Obama is encountering difficulty with his own party on the “public option” for healthcare. But that’s nothing compared to what’s going on with cap-and-trade. It seems Democrats have figured out (more or less) what’s in the legislation and there is something for everyone to dislike:
Democratic allies remain at odds over provisions of a House climate bill and a Senate energy bill, even as congressional leaders and Obama administration officials are pressing to complete work on the legislation.
The latest rough patch came late Thursday afternoon when House Agriculture Committee Chairman Collin C. Peterson (D-Minn.) met with the two chief sponsors of a climate bill to hash out differences in the office of House Speaker Nancy Pelosi (D-Calif.). After more than an hour, they emerged without an agreement, gave reporters curt expressions of optimism and left without taking questions.
[. . .]
The differences over touchstone issues in the bill could jeopardize its chances of passage by the full Senate, where Sen. Bill Nelson (D-Fla.) is threatening to filibuster it over the provisions for drilling off the Florida coast.
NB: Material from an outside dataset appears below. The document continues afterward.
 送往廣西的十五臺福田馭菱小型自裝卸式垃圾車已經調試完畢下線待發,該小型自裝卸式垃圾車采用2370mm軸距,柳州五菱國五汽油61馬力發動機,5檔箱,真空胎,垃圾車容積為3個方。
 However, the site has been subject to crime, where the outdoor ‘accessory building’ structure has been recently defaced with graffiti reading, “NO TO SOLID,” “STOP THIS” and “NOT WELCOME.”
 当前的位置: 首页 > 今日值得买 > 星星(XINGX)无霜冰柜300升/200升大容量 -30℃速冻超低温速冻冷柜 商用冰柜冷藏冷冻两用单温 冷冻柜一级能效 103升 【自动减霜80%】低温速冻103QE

Major environmental organizations are also leaning toward opposing the bill. In addition, executives from companies in the wind turbine business are lobbying hard for stiffer renewable energy requirements, arguing that they would be better off with requirements that have already been enacted by 28 states.
And there are fights over the bill’s impact on agriculture as well as provisions on nuclear power, the renewable electricity standard, and coal. Then there are the Republicans who don’t like any of it — the mind-numbing regulation, the taxes or the compliance costs on state and local government and private industry.
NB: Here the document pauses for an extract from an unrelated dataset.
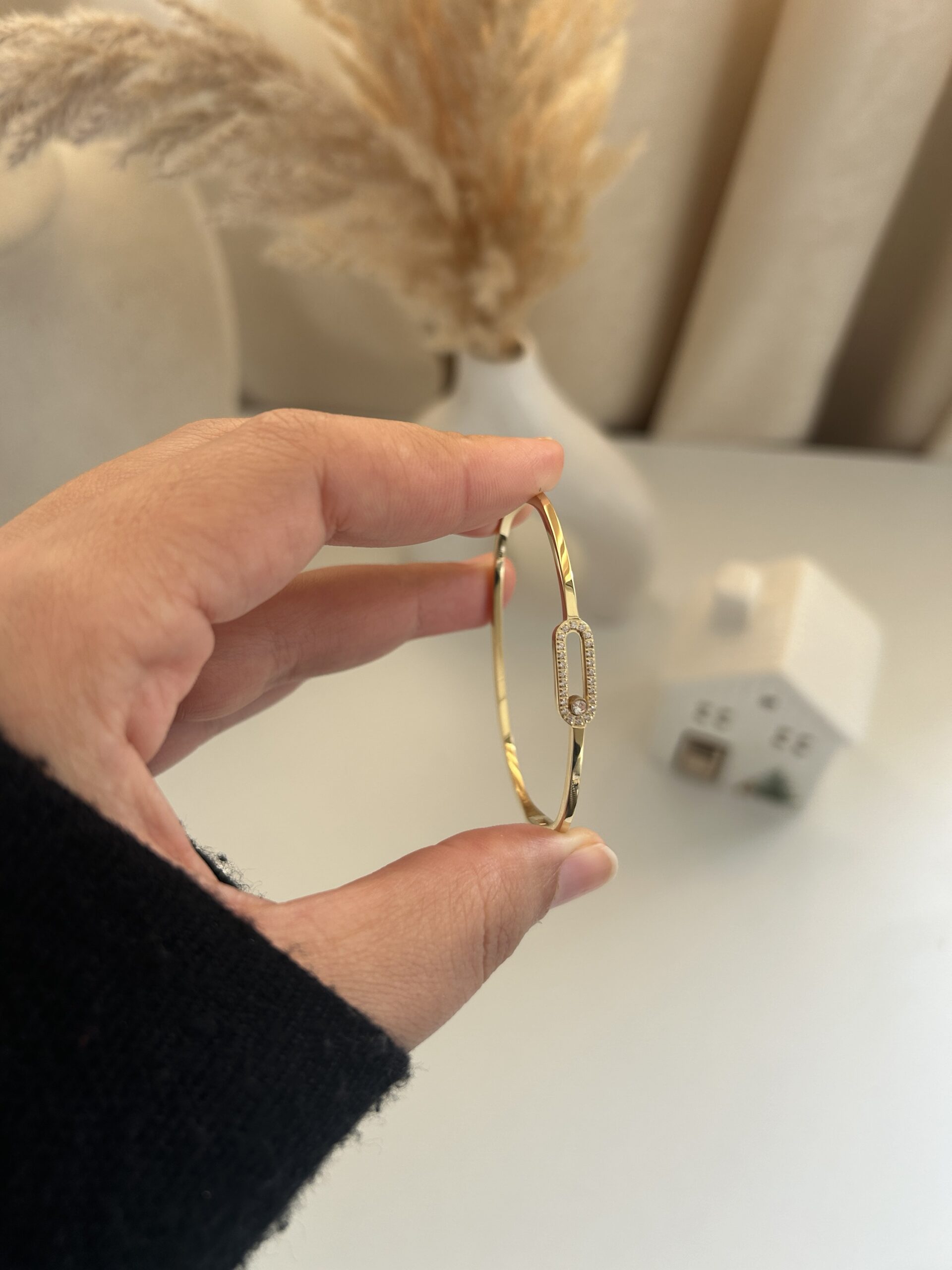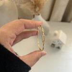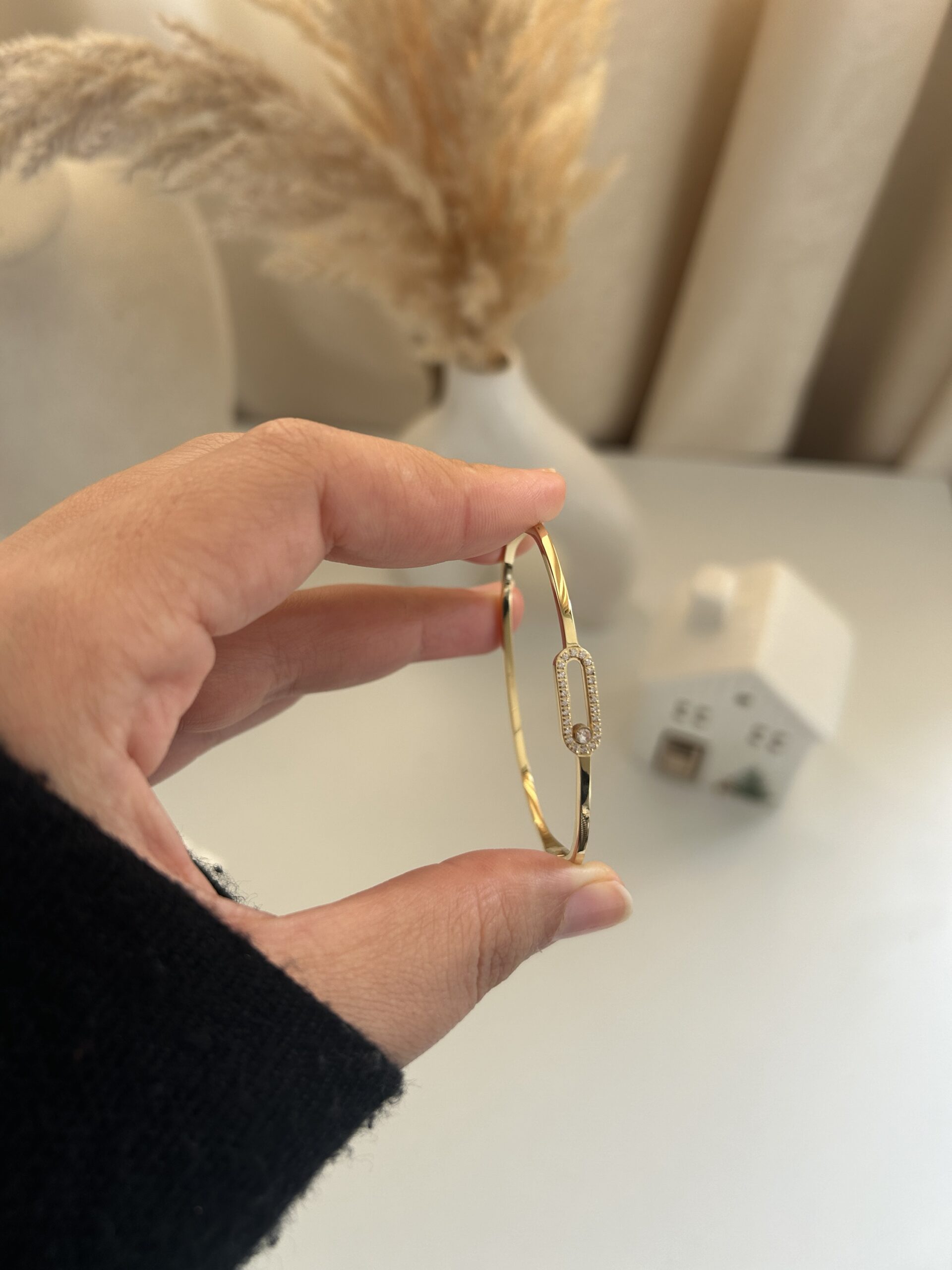 Inspiré par la haute joaillerie, le jonc Aura Infini incarne le raffinement absolu. Son design épuré en finition dorée entoure un sertissage de précision qui met en valeur un éclat central unique. Plus qu’un bijou, une signature.

That leaves an open question: who is for this other than Rep. Henry Waxman and environmentalists from non-energy producing states? Come to think of it, I haven’t heard Obama give a speech in favor of it. Perhaps its only utility was as a funding mechanism for healthcare. Which raises yet another question: if cap-and-trade crashes and burns won’t they still need hundreds of billions of dollars in additional revenue to pay for healthcare?